SOURCE MATERIAL.
· · · · · · ·
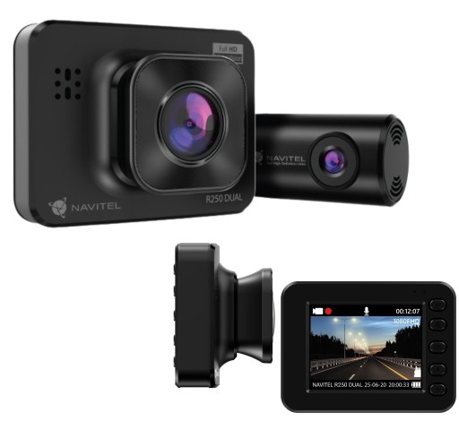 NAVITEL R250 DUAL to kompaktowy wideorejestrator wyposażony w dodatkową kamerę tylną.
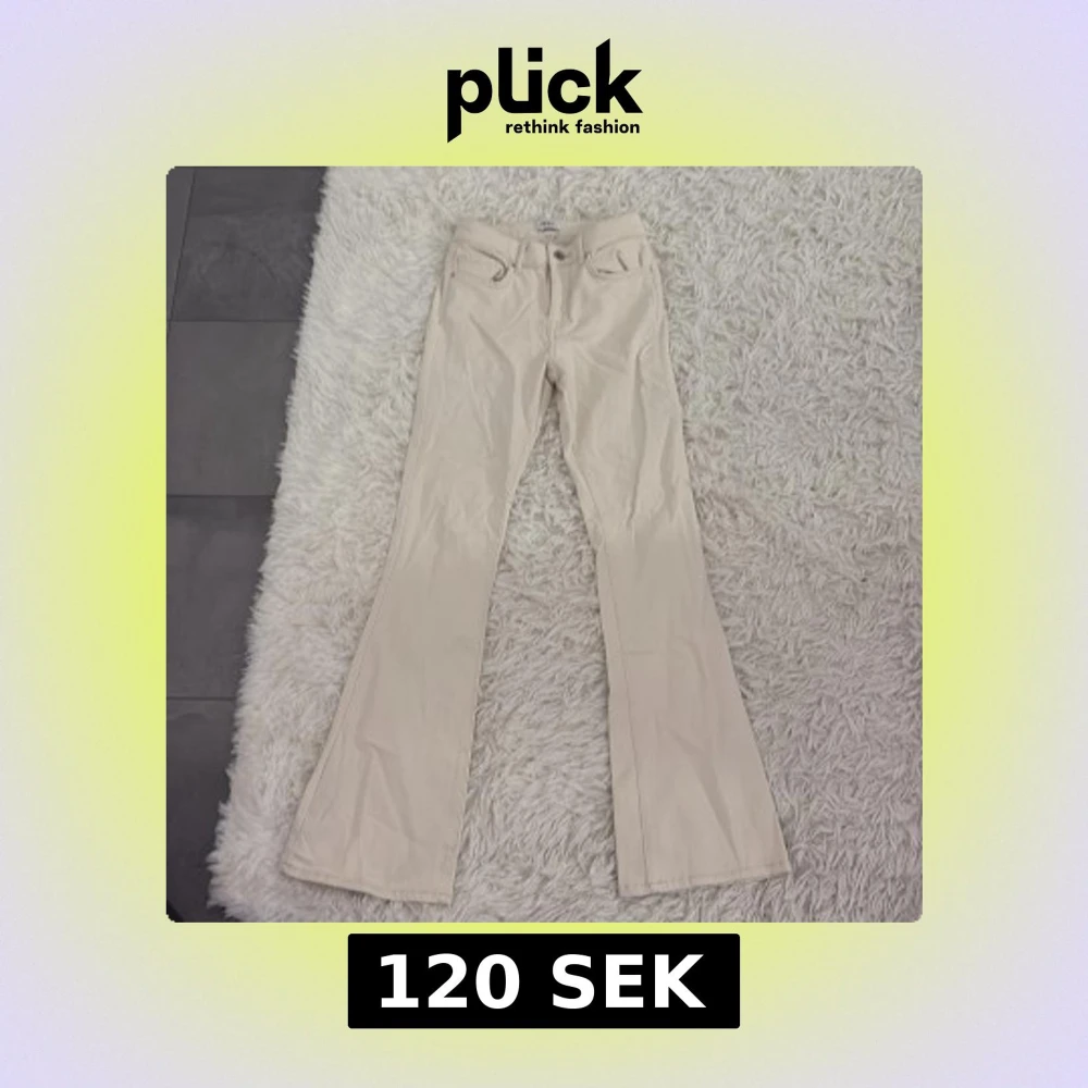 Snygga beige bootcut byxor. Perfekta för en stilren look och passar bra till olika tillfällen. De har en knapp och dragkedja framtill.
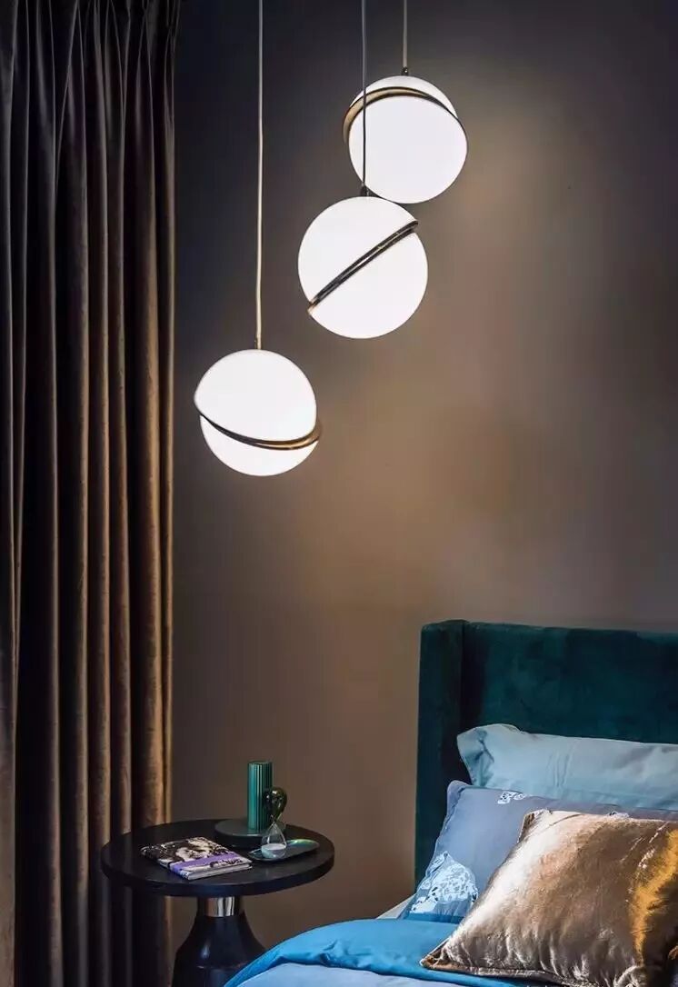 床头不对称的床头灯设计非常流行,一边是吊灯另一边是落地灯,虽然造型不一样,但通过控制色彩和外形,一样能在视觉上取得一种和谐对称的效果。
· · · · · · ·
WORK ITEM. Write out the data above in full and exactly, but without the pictures.

WRITTEN ANSWER.
 NAVITEL R250 DUAL to kompaktowy wideorejestrator wyposażony w dodatkową kamerę tylną.
 Snygga beige bootcut byxor. Perfekta för en stilren look och passar bra till olika tillfällen. De har en knapp och dragkedja framtill.
 床头不对称的床头灯设计非常流行,一边是吊灯另一边是落地灯,虽然造型不一样,但通过控制色彩和外形,一样能在视觉上取得一种和谐对称的效果。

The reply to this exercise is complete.